Carol geldi durağa. Fakat bu sefer farklı bir şey vardı, Tom ondan erken gelmişti. Yanına oturdu, beklemeye başladı.
"Günaydın."
"Günaydın."
"Nasılsın?"
"İyiyim sen?"
"Bende."
İkiside düşünüyordu fakat bulamıyordu konu. İçten içe birbirleriyle konuşmak istiyorlardı, aynı zamanda da belli etmemek. Öylece durup karşıya bakıyorlardı. O sırada bir kedi yaklaşıp usulca Tom'un kucağına kıvrıldı. Tom bakışlarını kediye çevirdi, ardından tüylerini okşamaya başladı.

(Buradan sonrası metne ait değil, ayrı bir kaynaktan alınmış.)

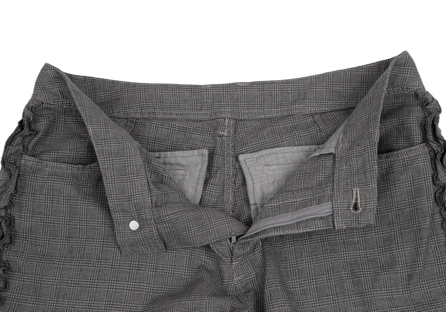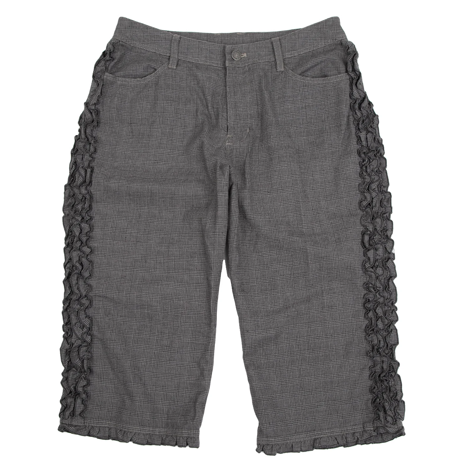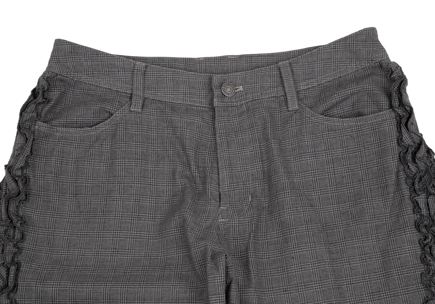 ピンクハウスPINK HOUSE サイドフリル切替グレンチェッククロップドパンツ グレーM

"Ne kadar tatlı bir şey bu."
"Dimi? Gelip sevsene."
Carol biraz kayarak Tom'a yaklaştı ve onunla beraber kediyi sevmeye başladı.
"Nereden çıktın sen ya?"
Tom kediyi iki eliyle tutup havaya kaldırdı.
"Tipe bak."
Tekrardan kucağına koyduğunda kedi mutlu olduğunu belli eden sesler çıkardı.
"Şımarttık"
Carol gülümsedi ve kediyi sevmeye devam etti. Tom ise Carol'u izlemeye başladı. Gülümsemesi güzel gelmişti. Adını öğreneli bile sadece birkaç gün olmuştu, pek bir konuşması da yoktu, ama sevmişti kızı. Tam tanımadan olması saçma gelse de sevmişti.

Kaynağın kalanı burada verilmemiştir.